Using pip: pip install PyMELib

or clone the repository and install it locally:

  1. Clone the repository:
    git clone https://github.com/Dan551Mizrahi/PyMELib.git
    cd PyMELib
  2. Install the package (preferably in a virtual environment):
    pip install .
    or for development:
    pip install -e .

Running

Import the library contents:


from PyMELib.TreeDecompositions import RootedDisjointBranchNiceTreeDecomposition
from PyMELib.PreprocessingAlgorithms import create_factors, calculate_factors_for_mds_enum_iterative
from PyMELib.EnumerationAlgorithms import EnumMHS
from PyMELib.utils.readHypergraphFromFile import read_hypergraph from PyMELib.utils.addConstraints import add_constraints_on_graph

Read your hypergraph:


H = read_hypergraph("path/to/your/hypergraph.hg") # Replace with the actual path to your hypergraph file

Add constraints:


include_in_ds = [1, 2] # Example vertices to include
exclude_from_ds = [3, 4] # Example vertices to exclude
add_constraints_on_graph(H, include_in_ds, exclude_from_ds)

Build tree decomposition:


td = RootedDisjointBranchNiceTreeDecomposition(H, semi_dntd=True)

Create factors and run the preprocessing phase:


create_factors(td)
calculate_factors_for_mds_enum_iterative(td, options_for_labels=True)

Run the enumeration algorithm:


results = EnumMHS_iterative(td)

results is now a Python generator capable of generating all the minimal hitting sets of the hypergraph.

Examples


from PyMELib.TreeDecompositions import RootedDisjointBranchNiceTreeDecomposition
from PyMELib.PreprocessingAlgorithms import create_factors, calculate_factors_for_mds_enum_iterative
from PyMELib.EnumerationAlgorithms import EnumMHS
from PyMELib.utils.readHypergraphFromFile import read_hypergraph
from PyMELib.utils.addConstraints import add_constraints_on_graph

# 1. Load hypergraph
# Replace with the actual path to your hypergraph file
H = read_hypergraph("path/to/your/hypergraph.hg") 

# 2. create tree decomposition
td = RootedDisjointBranchNiceTreeDecomposition(H, semi_dntd=True)

# 3. Preprocess hypergraph
create_factors(td)
calculate_factors_for_mds_enum_iterative(td, options_for_labels=True)

# 4. Run enumeration
results = EnumMHS_iterative(td)

# 5. Print results
for mhs in results:
    print(mhs)

Data - Input Format

If you want to run the code in order to enumerate minimal dominating sets of a regular graph you can simply pass to the constructor of the tree decomposition a NetworkX graph object.
In the case of hypergraphs, we are consistent with the input format of the dualization repository [2]. The input file should be in the following format, each line representing a hyperedge (set) of the hypergraph, vertices are non-negative integers and are separated by spaces:

vertex1 vertex2 vertex3
vertex2 vertex4
...

Results - Output Format

The minimal hitting sets/dominating sets return as Python frozensets:


# Example output
frozenset({1, 2, 3})
frozenset({2, 4})
frozenset({1, 4})
...

Limitations

  • The efficiency relies on the input hypergraph having a small treewidth.
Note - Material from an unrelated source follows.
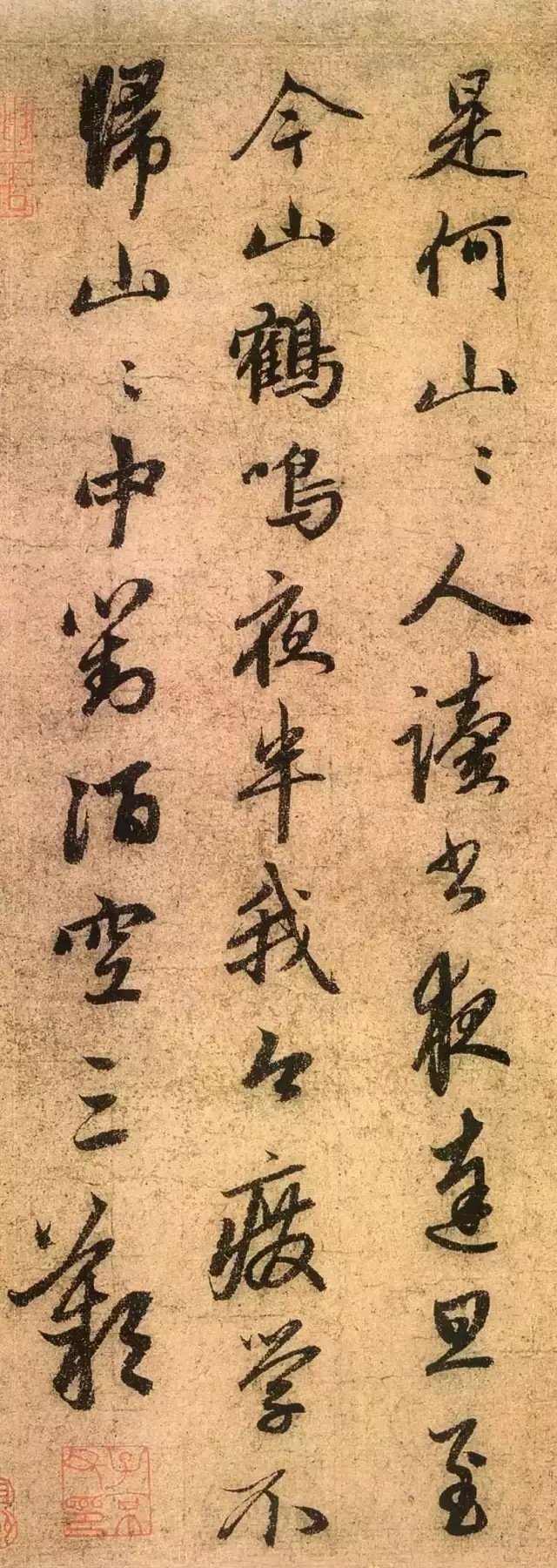 道场山、何山均为赵氏家乡湖州名山,峰峦秀郁,水石森爽,汇集了众多自然与人文景观,自古便为吴兴佳绝。历代文化名人在此留下了很多诗篇,苏轼作《游道场山何山》诗便是最著名者。此帖为赵孟頫为其长兄孟頔之孙所书。这件墨迹清劲秀丽,古雅有致,可谓诗书合璧。

The preprocessing phase complexity depends exponentially on the treewidth.

Authors

  • Dan S. Mizrahi
  • Batya Kenig

AI usage

This code was created with the help of GitHub Copilot and Gemini.

Further Reading

[1] Kenig, Batya, and Dan Shlomo Mizrahi. "Enumeration of Minimal Hitting Sets Parameterized by Treewidth." arXiv preprint arXiv:2408.15776 (2024).

[2] Keisuke Murakami & Takeaki Uno (uno@nii.jp). Hypergraph Dualization Repository - Program Codes and Instances for Hypergraph Dualization (minimal hitting set enumeration). https://research.nii.ac.jp/~uno/dualization.html.

[3] Miller et al., (2019). EoN (Epidemics on Networks): a fast, flexible Python package for simulation, analytic approximation, and analysis of epidemics on networks. Journal of Open Source Software, 4(44), 1731, https://doi.org/10.21105/joss.01731

Project details


Download files

Download the file for your platform. If you're not sure which to choose, learn more about installing packages.

Source Distribution

pymelib-0.6.0.tar.gz (27.9 kB view details)

Uploaded Source

Built Distribution

If you're not sure about the file name format, learn more about wheel file names.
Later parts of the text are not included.